Takom to instrukcje na wypadek spotkania z niedźwiedziem mozecie noleźć na stronak zakopiańskiego portalu internetowego.

– Syćko piknie – pomyślołek. – Ino cy ftosi zadboł o to, coby poucyć niedźwiedzie, ze kie cłowiek połozy sie na ziemi, podkurcy nogi, osłoni syje i kufe, to im, niedźwiedziom, wolno takiego cłeka co najwyzej podrapać?

Worce było to sprawdzić przy najblizsej okazji. No i niedowno w okolicak holi, ka mój baca owiecki pasie, pocułek niedźwiedzi zapach. Zaroz pohybołek tamok, skąd ten zapach dochodził.

– Hej, krzesny! – zawołołek do kudłatego olbrzyma, kie go uwidziołek.
– Cego fcecie, krzesny? – spytoł niedźwiedź.
– Fciołbyk jo – powiedzmy, ze w celak naukowyk – dowiedzieć sie, co robicie, kie spotkocie cłowieka?
Niedźwiedź stanął na tylnyk łapak, coby przedniom móc podrapać sie po głowie.
– Cy jo wiem? – pedzioł. – Jo to racej starom sie spotkań z ludźmi unikać. Bo cłowiek to jest taki cudok, ze z nim to właściwie nigdy nic nie wiadomo.
– No ale załózmy, ze spotkaliście sie oko w oko z cłowiekiem – pedziołek. – Ten cłowiek połozył sie na ziemi, podkurcył nogi, a kufe zasłonił rękami.

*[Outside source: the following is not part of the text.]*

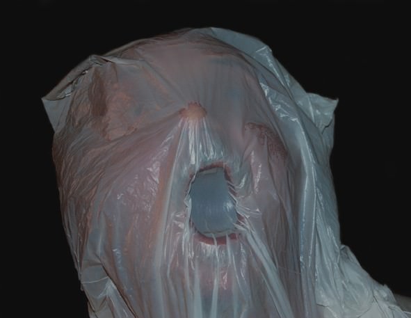 …Tale stringente problematica viene affrontata da Punto Gi in uno dei modi artistici più efficaci e convincenti, ovvero con ironia. La condizione dell’uomo d’oggi è espressa innanzi tutto dalla serie di fotografie in cui vediamo i tre artisti, Giuliano Marian, Gianni Pasotti e Giammarco Roccagli, con la testa infilata in un sacchetto di plastica che aderisce al volto e impedisce loro di respirare: ostaggi di un potere occulto, ciascuno di essi vede annullata la sua identità, tanto che al posto del volto vi è ora una sorta di maschera tragica, emblema del soffocamento di ogni vera individualità.

Co wte robicie?
Niedźwiedź znów stanął na tylnyk łapak – tym rozem, coby obie przednie rozłozyć w geście bezradności.
– Krucafuks! Nie wiem! – pedzioł. – A powinienek wiedzieć?
– Pewnie ze powinniście! – zawołołek. – Mocie nie robić cłowiekowi krziwdy. Mozecie go co najwyzej kapecke podrapać. Tako jest instrukcja.
– Instrukcja dlo kogo? Dlo ludzi cy dlo niedźwiedzi?
– Dlo jednyk i drugik, głuptoku! – odpowiedziołek. – Skoro dotycy ona wspólnego spotkania cłowieka z niedźwiedziem, to przecie nie moze być tak, ze wskazówki dlo jednej strony som sprzecne ze wskazówkami dlo drugiej. Bo to byłby absurd. Jasne?
– No, chyba jasne – mruknął niedźwiedź. – Ino wiecie, krzesny, teoria teoriom, a praktyka praktykom. Nie moge wom obiecać, ze kie spotkom sie oko w oko z cłowiekiem, to bede bocył o tej instrukcji.

W tej kwilecce przysła mi do głowy pewno myśl. Trening! Niedźwiedź powinien trenować spotkanie z cłowiekiem. I wte – kie spotko go naprowde – bedzie umioł właściwie sie zachować.
– Krzesny – pedziołek. – Spotkojmy sie o północy pod zbójnickim kościółkiem na skraju Nowego Targu.
– Po co? – spytoł niedźwiedź.
– Po to, coby naucyć wos odpowiedniego postępowania z cłowiekiem. W końcu chyba nie fcecie, coby leśnik wos chycił i posłoł do zoo za niewłaściwe zachowanie?

Niedźwiedź ocywiście, ze nie fcioł. Tak więc o północy spotkali my sie pod zbójnickim kościółkiem. Stamtela poprowadziłek miśka do centrum miasta. Zakradli my sie do jednego sklepu odziezowego, nalezącego do Felka znad młaki, co to jest najbogatsy w mojej wsi. W środku sklepu stały rózne manekiny poubierane w rózne portki, kiecki i inkse bluzki.

– Co to takiego? – spytoł niedźwiedź, bo takie manekiny to on pierwsy roz w zyciu uwidzioł.
– Ludzie – odpowiedziołek.
– E, nie pachnom ludźmi – zauwazył niedźwiedź.
– A słyseliście o tym, ze miody dzielom sie na naturalne i śtucne? – spytołek.
– No, kiesik słysołek.
– To z ludźmi tak samo – pedziołek. – Ci, ftóryk widzicie w lesie, to som ludzie naturalni. A ci tutok – to ludzie śtucni.
– I som tak samo do rzyci jak miód śtucny? – zaciekawił niedźwiedź.
– To jest zagadnienie na dłuzsy wykład, krzesny – odpowiedziołek. – Na rozie zabiermy stela jeden egzemplorz. Przydo sie nom jako pomoc treningowo.
– Jako co? – spytoł niedźwiedź.
– Krucafuks! – zdenerwowołek sie. – Biermy, co trza i uciekojmy. Bo jak nos zaroz tutok nojdom, to wos zamknom w zoo, a mnie w schronisku dlo bezdomnyk piesków.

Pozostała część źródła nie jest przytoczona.